Trois heures plus tôt les pompiers avaient indiqué qu'il n'y avait plus de flamme dans la zone de deux kilomètres carrés rasée par l'accident. «Les feux sont éteints. On a gagné», s'était ainsi félicité le chef des sapeurs-pompiers, Denis Lauzon.

Petite ville touristique située au bord d'un lac, au coeur d'un vaste massif forestier, Lac-Mégantic s'était embrasée vers 1h30 (7h30 suisses) samedi, lorsqu'un train convoyant du pétrole brut a déraillé en plein centre-ville.

Les témoins ont décrit un véritable «mur de feu» qui s'est abattu sur la rue principale, qui était encore assez animée en cette chaude nuit d'été. En particulier, le bar Musi-Café a été littéralement pulvérisé par le souffle de l'explosion des citernes. «On ne va retrouver que les dents», a dit un pompier arrivé sur les lieux quelques minutes plus tard, expliquant que le brut s'était déversé tel une coulée de lave.

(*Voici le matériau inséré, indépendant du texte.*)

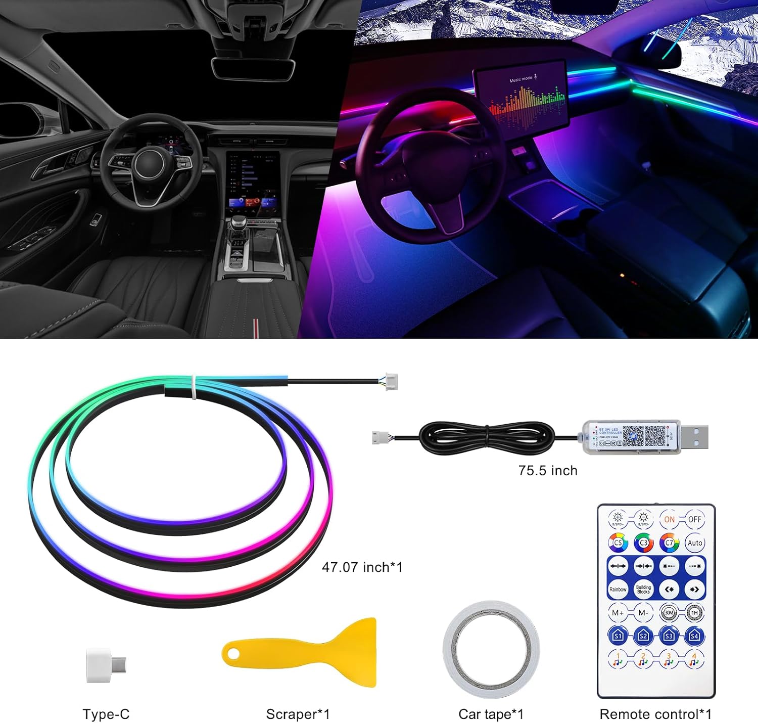 - Included Components : 1*47.24inch Acrylic car light kit, 1*Pry tool, Car Tape*1 +Type-C*1, Remote Control*1
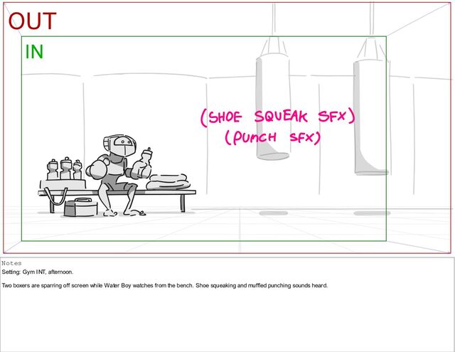 screen while Water Boy watches from the bench. Shoe squeaking and muffled punching sounds heard.

Ceux qui ont réussi à échapper au déluge de flammes ont décrit des scènes d'horreur, estimant à une cinquantaine de personnes le nombre de clients alors présents dans le bar. «Une petite fille en flammes (...) criait +sauvez-moi, sauvez-moi+», a raconté Jean-Guy Nadeau alors qu'il se rendait à la messe dimanche matin.

Bâtiments pulvérisé

En tout, un trentaine de blocs de bâtiments auraient été pulvérisés.

«C'est comme une zone de guerre. C'est incroyable, difficile à imaginer», a déclaré le Premier ministre canadien Stephen Harper après avoir visité dimanche le centre-ville dévasté.

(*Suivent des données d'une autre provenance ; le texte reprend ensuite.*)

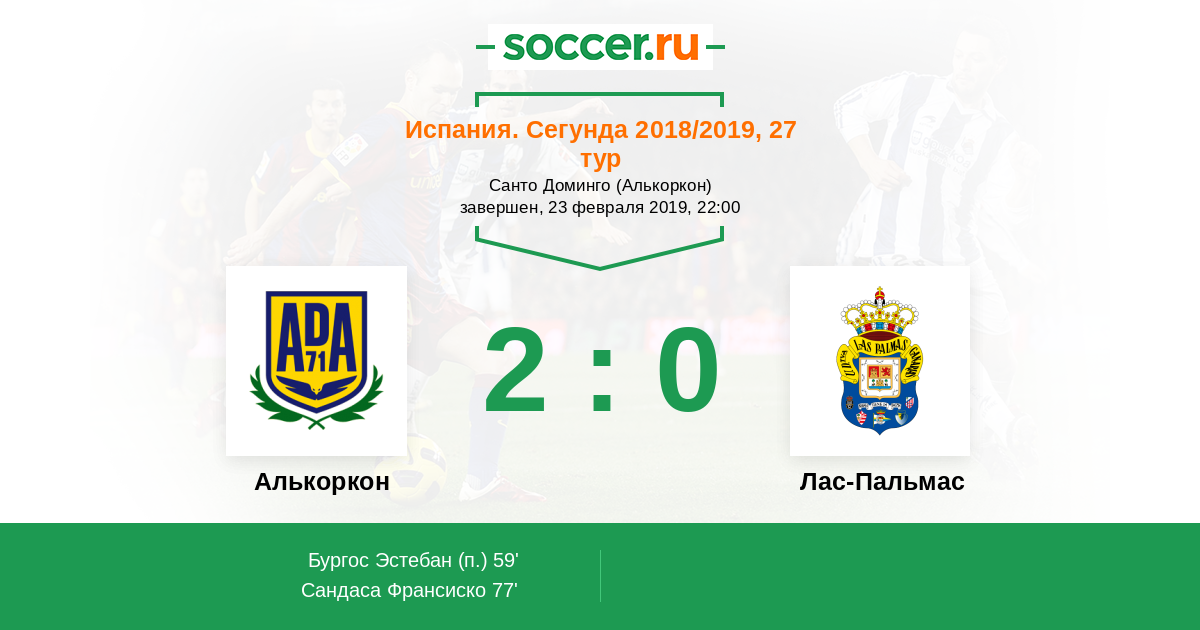 Протокол матча Алькоркон против Лас-Пальмас

Avec la fin de l'incendie, une petite partie des 2000 personnes évacuées ont pu regagner leur domicile dimanche, et les enquêteurs espèrent pouvoir se rendre sur ce qu'ils considèrent comme «une scène de crime» dès lundi.

En particulier, les inspecteurs du Bureau de la sécurité des transports du Canada (BST) souhaitent étudier les différents wagons pour comprendre comment le convoi a pu s'élancer sans conducteur, alors qu'il se trouvait sur une aire de stationnement à une dizaine de kilomètres de la ville meurtrie.

D'ores-et-déjà, les agents du BST ont pu examiner dimanche la locomotive. «On a vérifié tous les mécanismes (et) on a récupéré une copie de la fameuse boîte noire», contenant des données sur neuf paramètres précieux, a dit le responsable de l'enquête, Ed Belkaloul.

«On a aussi récupéré ce qu'on appelle l'unité de détection de freinage, l'équivalent de la boîte noire. Si jamais il y a des problèmes avec la boîte noire, il reste possible d'obtenir des données de cette unité», notamment sur la vitesse et le freinage, a ajouté Ed Belkaloul.

L'indignation gagne en ampleur

L'indignation a par ailleurs gagné les habitants de Lac-Mégantic, à mesure que se confirmait ce qui était jusque là une rumeur: les pompiers de la municipalité voisine de Nantes ont bel et bien été appelés vendredi soir par la compagnie ferroviaire américaine propriétaire du convoi afin d'éteindre un feu à bord d'une des cinq locomotives.

Cet incendie, «qui a duré environ 45 minutes» avait été provoqué «par une fuite d'huile», liée à «un problème mécanique, de moteur», a indiqué sur Radio-Canada le maire de Nantes, Sylvain Gilbert.

Une fois le feu maîtrisé, la compagnie a autorisé les sapeurs-pompiers à regagner leur caserne, a-t-il précisé.

Moins de deux heures plus tard, le train, entraîné par la gravité, déferlait à vive allure dans Lac-Mégantic, provoquant la tragédie.

13 morts selon un dernier bilan

La catastrophe de Lac-Mégantic a fait 13 morts, selon un dernier bilan communiqué lundi par la police. Par ailleurs, quelque 100'000 litres de pétrole provenant des wagons-citernes qui ont explosé samedi dans la ville québécoise de Lac-Mégantic se trouvent sur la rivière Chaudière et il y a «une crainte» que le brut atteigne le fleuve Saint-Laurent, ont indiqué lundi les autorités.